Receiver Operating Characteristic - Yousef's Notes
Receiver Operating Characteristic

Receiver Operating Characteristic

The ROC (Receiver Operating Characteristic) curve is a graphical representation used to evaluate the performance of a binary classification model. It can only be used with classifiers that return a score (or a probability) of prediction.

  • True Positive Rate (TPR) or Sensitivity (Y-axis): This is the proportion of actual positive cases that are correctly identified by the model. It is calculated as:
$$ \text{TPR} = \frac{\text{True Positives}}{\text{True Positives} + \text{False Negatives}} $$
  • False Positive Rate (FPR) (X-axis): This is the proportion of actual negative cases that are incorrectly identified as positive by the model. It is calculated as:
$$ \text{FPR} = \frac{\text{False Positives}}{\text{False Positives} + \text{True Negatives}} $$

#Interpretation

  • ROC Curve Shape: The ROC curve plots the TPR against the FPR at various threshold settings. A model that performs perfectly would have a ROC curve that passes through the top-left corner (TPR = 1, FPR = 0). A model that performs no better than random chance would have a ROC curve that is a diagonal line from the bottom-left to the top-right (TPR = FPR).
  • Area Under the Curve (AUC-ROC): The AUC-ROC is a single scalar value that summarizes the performance of the model. It represents the probability that a randomly chosen positive instance is ranked higher than a randomly chosen negative instance.

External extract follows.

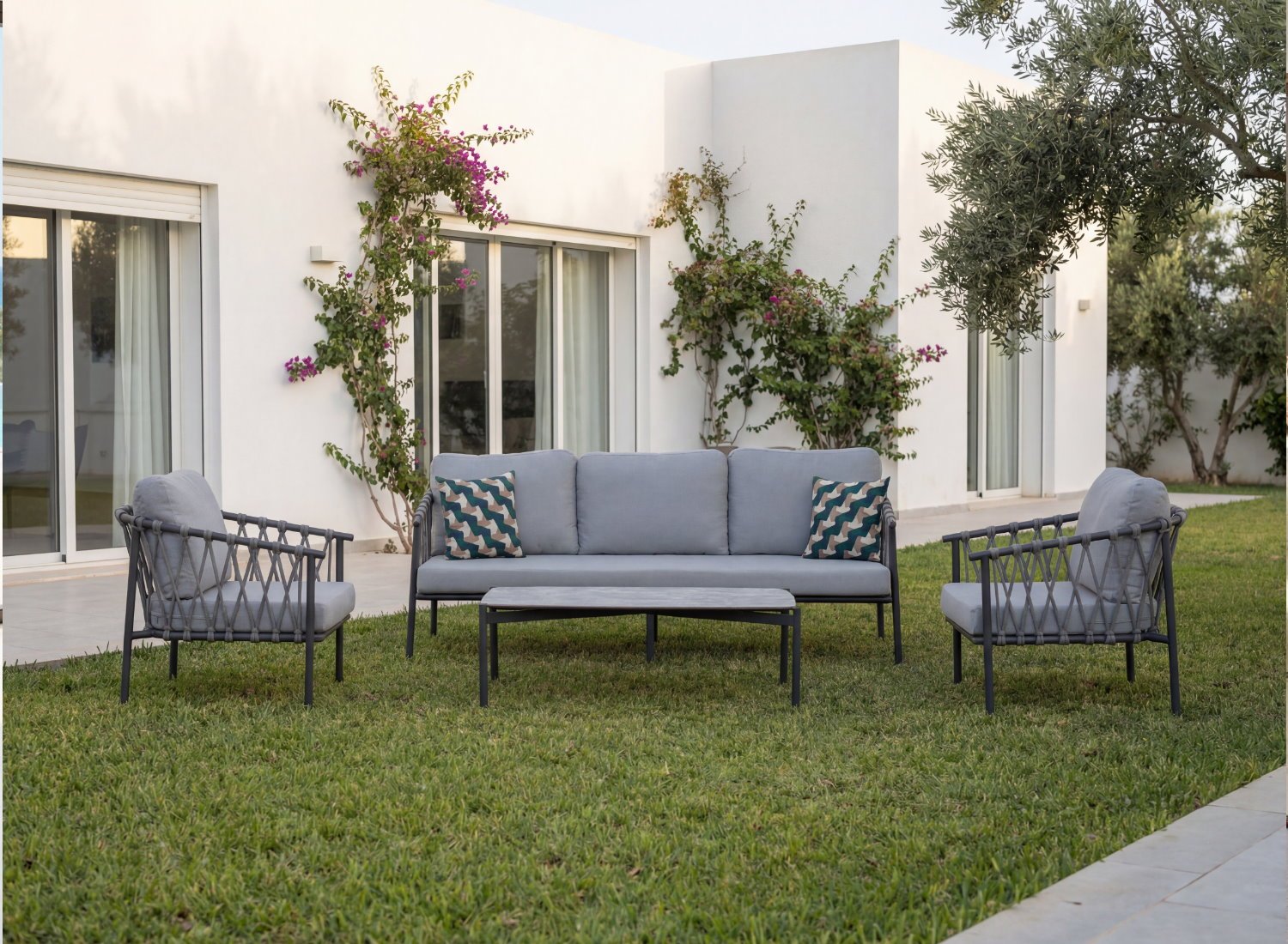 Le Salon TENDENCE incarne l’élégance moderne et la performance outdoor. Conçu avec une structure en aluminium robuste et habillé d’une corde tressée haute performance, il offre un équilibre parfait entre design contemporain et confort durable.

An AUC of 1 indicates perfect performance, while an AUC of 0.5 indicates performance no better than random chance.

#Example

Imagine you have a binary classifier for detecting spam emails:

  • True Positives (TP): Emails correctly identified as spam.
  • False Positives (FP): Emails incorrectly identified as spam (but are actually not spam).
  • True Negatives (TN): Emails correctly identified as not spam.
  • False Negatives (FN): Emails incorrectly identified as not spam (but are actually spam). The ROC curve helps visualize the trade-off between the TPR and FPR at different threshold levels, providing a comprehensive view of the model’s performance across all possible classification thresholds.